The median age in the city was 40.4 years. 22.8% of residents were under the age of 18; 8.1% were between the ages of 18 and 24; 24.9% were from 25 to 44; 31.2% were from 45 to 64; and 13.1% were 65 years of age or older. The gender makeup of the city was 47.4% male and 52.6% female.

===2000 census===
As of the census of 2000, there were 1,200 people, 490 households, and 309 families residing in the city. The population density was 1,319.1 PD/sqmi. There were 528 housing units at an average density of 580.4 /sqmi. The racial makeup of the city was 97.33% White, 0.08% African American, 0.33% Native American, 0.83% Asian, 1.00% from other races, and 0.42% from two or more races. Hispanic or Latino of any race were 1.17% of the population.

There were 490 households, out of which 34.9% had children under the age of 18 living with them, 47.8% were married couples living together, 11.4% had a female householder with no husband present, and 36.9% were non-families. 32.2% of all households were made up of individuals, and 14.3% had someone living alone who was 65 years of age or older. The average household size was 2.39 and the average family size was 3.06.

In the city, the population was spread out, with 28.3% under the age of 18, 7.2% from 18 to 24, 29.3% from 25 to 44, 21.8% from 45 to 64, and 13.3% who were 65 years of age or older. The median age was 37 years. For every 100 females, there were 83.8 males. For every 100 females age 18 and over, there were 82.6 males.

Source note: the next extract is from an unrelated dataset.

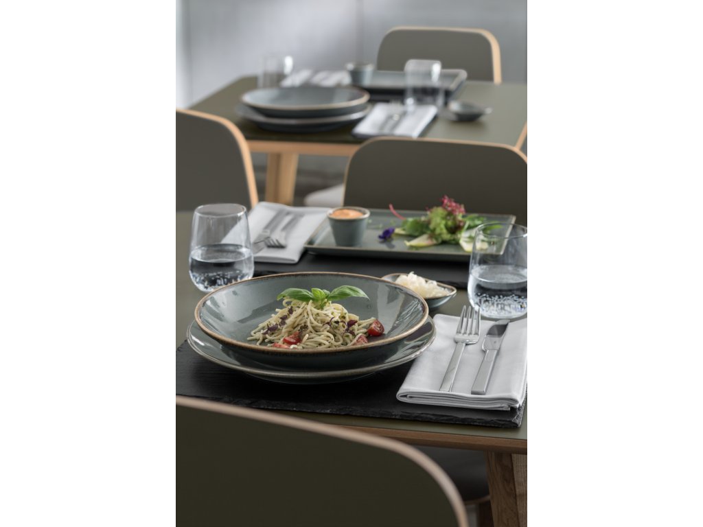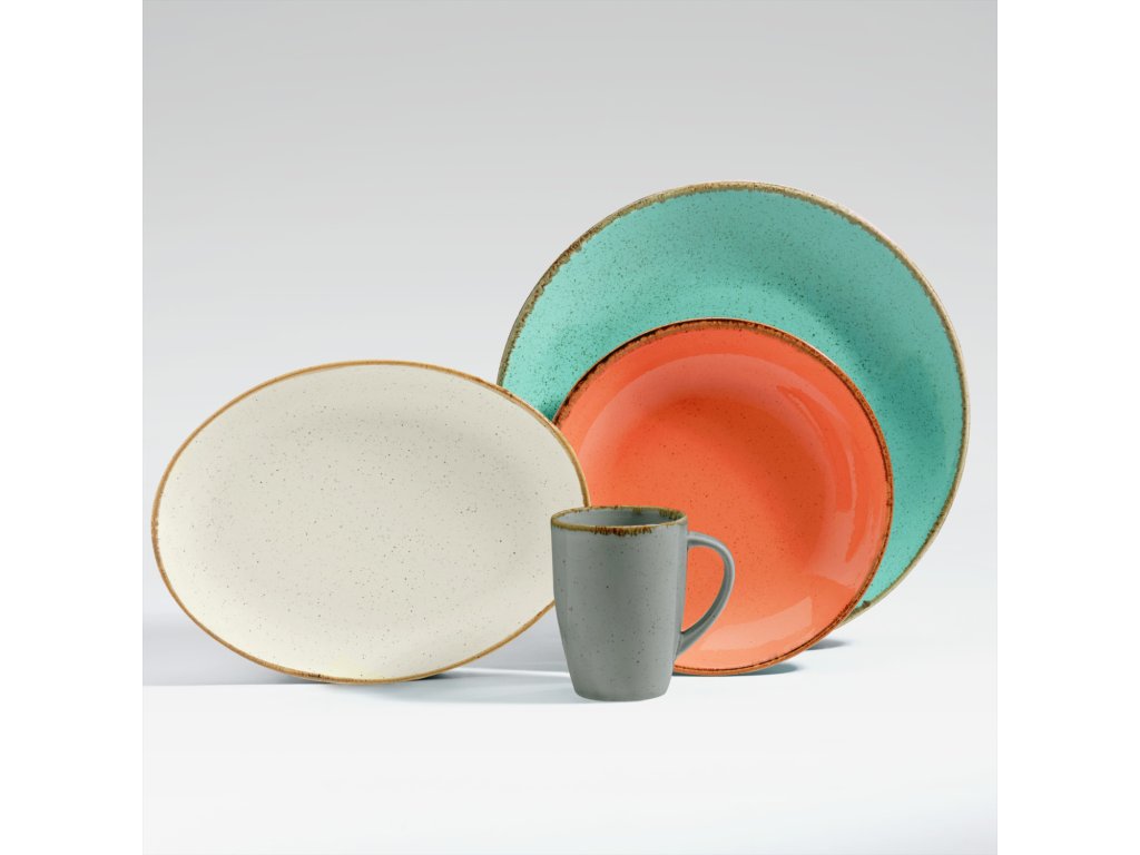 Farebný porcelánový tanier s keramickým vzhľadom. Bez okraja. S mierne nepravidelnými okrajmi v glazúre. Vhodný do umývačky riadu a mikrovlnnej rúry.Dodatočné parametre

The median income for a household in the city was $35,647, and the median income for a family was $43,333. Males had a median income of $29,500 versus $23,625 for females. The per capita income for the city was $19,501. About 4.7% of families and 6.9% of the population were below the poverty line, including 9.3% of those under age 18 and 11.5% of those age 65 or over.
==Government==
Mr. Brian Devick has served as Mayor since 2011. As of May 2011 the city council members are Ashvin Patel, Jesse A. Purvis, Richard Hartwig, Paul Thompson and Craig DeHoet.

===Public safety===
Woodward is served by a volunteer fire department, which has served since 1883.

==Education==
The Woodward-Granger Community School District operates local public schools.

==Nearby organizations==
- Woodward State Resource Center is located in Woodward.
- Woodward Academy, located in Woodward, is a boot camp for teenage boys who have been convicted of various crimes.